What is aquaculture? Also known as aquafarming, aquaculture is the farming of aquatic organisms in both coastal and inland areas involving interventions in the rearing process to enhance production, and it is “probably the fastest growing food-producing sector and now accounts for 50 percent of the world’s fish that is used for food,” according to the Food and Agriculture Organization of the United Nations.
In the U.S., both Louisiana and Florida have thriving aquaculture systems. For example, because rice requires irrigation to grow, the lowlands of Louisiana are prime grounds for rice farming – and some Bayou State rice farmers have used their rice fields to harvest another important crop: crayfish. In fact, many rice farmers have used crawfish farming, as it’s called, to stay afloat through hard times in the rice industry.
Florida’s aquaculture industry spans a wide array of operations, from raising fish and animals for the pet industry to raising and harvesting a variety of fish and seafood for consumption. Top food fish sales in Florida come from farm-raised Tilapia and Catfish. The state’s aquaculture sector also includes the alligator industry.
According to the Florida Department of Agriculture and Consumer Services (FDACS), there are more than 1 million wild alligators in Florida’s lakes, rivers, swamps, and marshes.
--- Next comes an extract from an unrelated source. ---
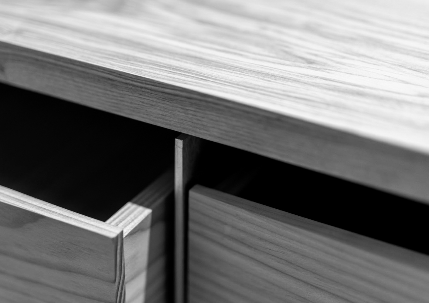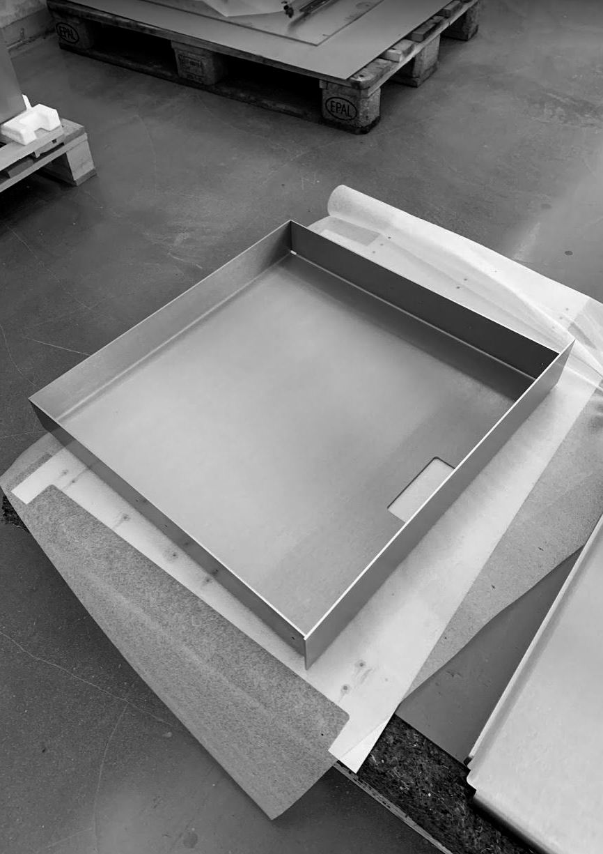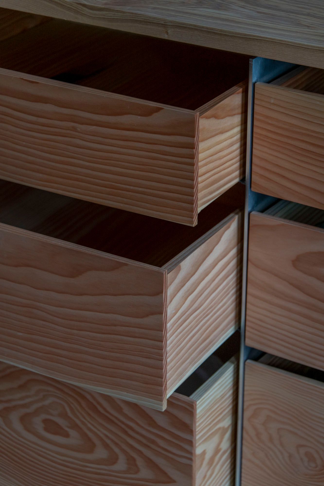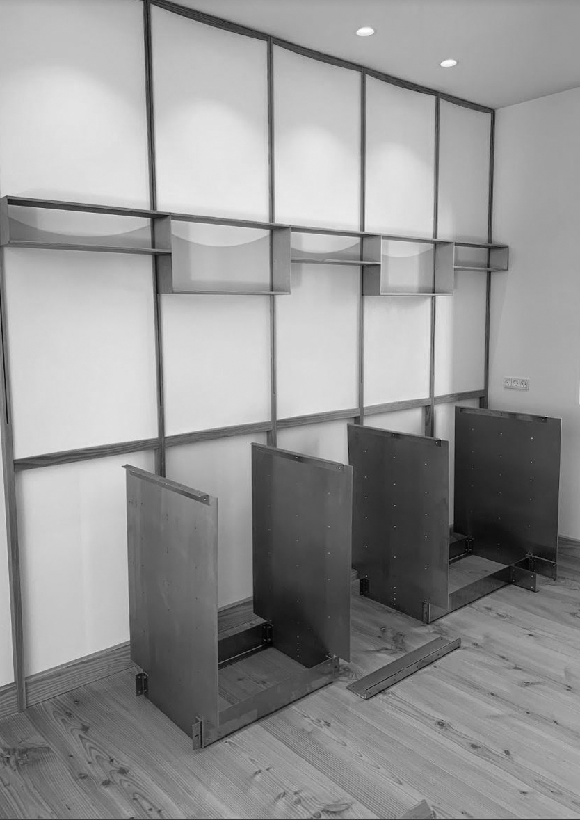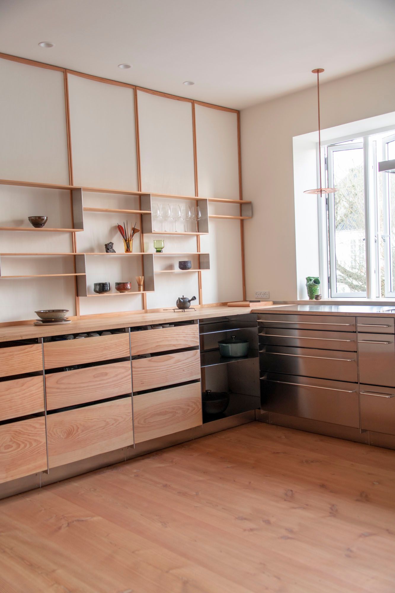 As part of Interior02, we developed, fabricated, and installed a custom kitchen for our client. The ambition was to develop a custom prefabricated system that can be utilized for different spatial situations. We started by reducing as much as possible. Traditional kitchens are made up of boxes placed next to each other. We removed the back, top, and bottom of the box, which left us with only sides and a bottom panel that both act as foundation and base panel. Furthermore, we reduced material thickness by working with steel verticals that the drawer runners mount onto from either side. The kitchen’s exposed countersunk bolts show off the structural principles and communicate the ambition that the entire kitchen is designed for disassembly and future life. Floorboards continue to run under the kitchen. We installed wooden skirting behind the kitchen as well, in order to future-proof the overall renovation. The design is resolved down to the smallest detail in Rhino3D and 90 % digitally fabricated: laser-cut and bent stainless steel and CNC routed drawers, tabletops, and wall panels. To avoid welding (manual labor) of the steel drawers, these were realized in 3mm steel that becomes structural once bent. The client wished for a functional industrial kitchen balanced by a domestic touch. The main “service” part of the kitchen, which holds the appliances, was realized in stainless steel. The other length of the kitchen, which reaches towards the living room, is realized in Douglas Fir and Ashwood, bringing it into relation with the rest of the apartment’s warm interior. Subtle curves are seen throughout the woodwork, which gives softness to the steel and elegance to the overall mass.

The Bureau of Seafood and Aquaculture Marketing, a division of FDACS, reports that there are 28 aquaculture companies in the Sunshine State that raise alligators. These companies are able to supply alligator meat, meat products, and alligator skins from raw to fully processed and ready to be made into consumer goods. Alligator skins are popular for use in luxury goods like shoes, belts, bags, and more.